The consequence? Staff names, email addresses, phone and fax numbers, and more have been grabbed by the hackers, alongside the names, email addresses and plaintext passwords of over 8000 subscribers.

HackRead reports that the hackers had a seasonal explanation for the breach:

BECAUSE XMAS IS COMING AND WE HAD TO DO SOMETHING FOR FUN SO WE DID IT FOR THE LULZ

Funny? I’m not so sure. After all, it’s not out of this world to imagine that the personal information and credentials (which have been published on the web) could assist online criminals in launching phishing attacks or targeting organisations with malware.

And then, of course, there’s the potential risk that hackers could take the passwords exposed by this breach and use them to unlock other online accounts.

Steve Ragan of CSO analysed the 8,107 passwords that were leaked, discovering that 39% were just three letters long.

You don’t win any prizes for guessing that at least some of the users chose “esa” as their password.

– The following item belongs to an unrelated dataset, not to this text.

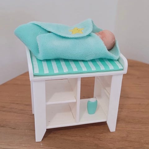 Mukana hoitopöytä ja sen pehmuste, huopa, rusettipanta ja voidepurkki.

Sigh…

If you have ever created an account on the ESA website, my advice would be to ensure that you are not using the same password on any other website (unique passwords are a good idea for everybody to be honest), and to be suspicious of any unsolicited emails that you might receive.

Meanwhile, one hopes that the Esa will have learnt its lesson and conduct a thorough security review of its websites. Too many organisations are failing to properly secure their passwords and falling foul of SQL vulnerabilities, making it too easy for online criminals to steal sensitive data.